The project manager (SOM) does not need to know which safety checks to run — that is the automation engineer's job. The network technician (NSO) does not need to know why this VRF is being created — that is the project manager's concern. Each system focuses on what it does best.
The three layers communicate through well-defined API contracts. Understanding these interfaces is key to implementing the pattern correctly.
- SOM → Itential: REST API or TMF652 Resource Order. SOM sends a work item with RFS type, action (create/modify/delete), target parameters, and a callback URL. Itential returns a work item ID for tracking.
- Itential → NSO: RESTCONF (RFC 8040) using NSO's YANG service models. Itential constructs the YANG payload from the work item parameters.

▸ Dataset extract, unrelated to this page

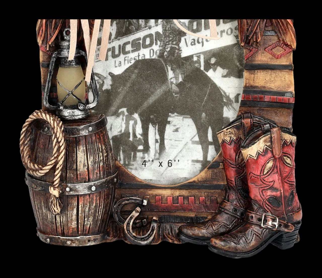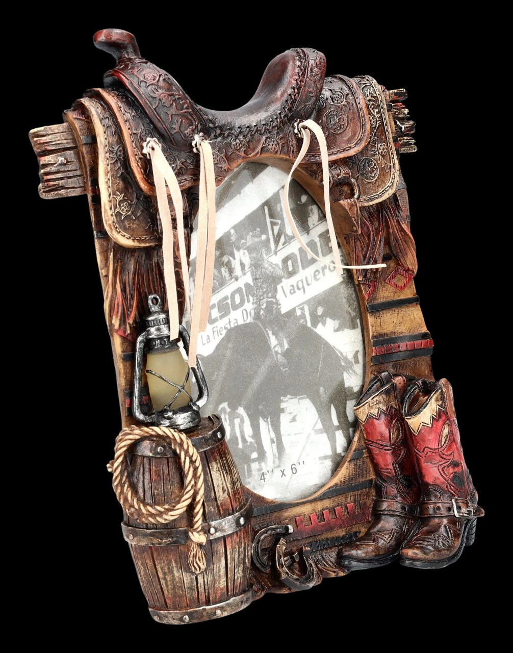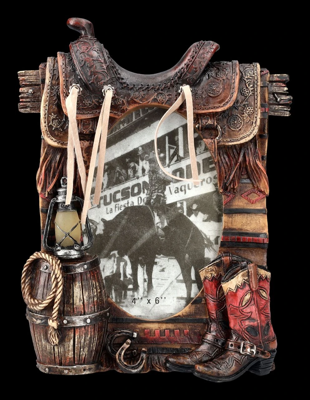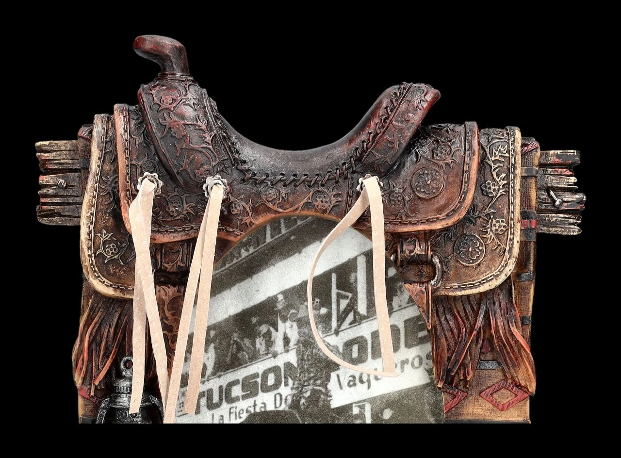 Eine über den Zaun geworfene Decke und darüber der Sattel – am Boden die Stiefel und auf der anderen Seite ein Fass, auf dem die Laterne abgestellt ist – da hat sich anscheinend jemand zur Ruhe begeben. Ein Stück Lasso ist zu sehen, ebenso am Boden liegende Hufeisen – diese vielen Details lassen das Bild in dem 23 cm hohen, 18 cm breiten und 5 cm tiefen Bilderrahmen fast bescheiden aussehen. In dem Rahmen hat hinter Glas ein Foto mit der Bildgröße von 10 x 15 cm Platz. Der Western-Bilderrahmen mit Sattel und Stiefel ist zum Stellen und wurde außerordentlich detailreich aus handbemaltem Kunststein (Polyresin) gefertigt. Mit dem passenden Foto ist er ein perfektes Geschenk für Western-Fans.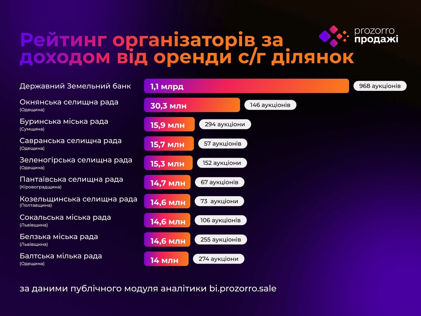 До проведення торгів долучилися понад 3 тисячі організаторів – це і територіальні громади, і державний «Земельний банк», і приватні виконавці та власники ділянок. Більшість угод стосувалися земель сільськогосподарського призначення. Лідером за доходами став державний «Земельний банк», який провів майже тисячу аукціонів. Переможці цих торгів щороку сплачують близько 1,1 млрд грн до державного та місцевих бюджетів.

Dry-run uses
?dry-run=nativequery parameter; commit uses standard RESTCONF PATCH/PUT. - NSO → Devices: NETCONF (RFC 6241), CLI (SSH), or gNMI depending on the NED type. NSO abstracts this — Itential never talks to devices directly.
- Itential → SOM (callback): REST webhook or message queue. Itential posts the execution result (success/failure), log reference, and post-check summary back to SOM's callback endpoint.
The three-layer pattern introduces three distinct rollback scopes, and understanding which scope handles which failure is critical to avoiding double-compensation or orphaned state.
- NSO device-level rollback: If any device in a multi-device transaction rejects the config, NSO automatically rolls back ALL devices in that transaction to their pre-change state. This is atomic and handled entirely by NSO — Itential does not intervene.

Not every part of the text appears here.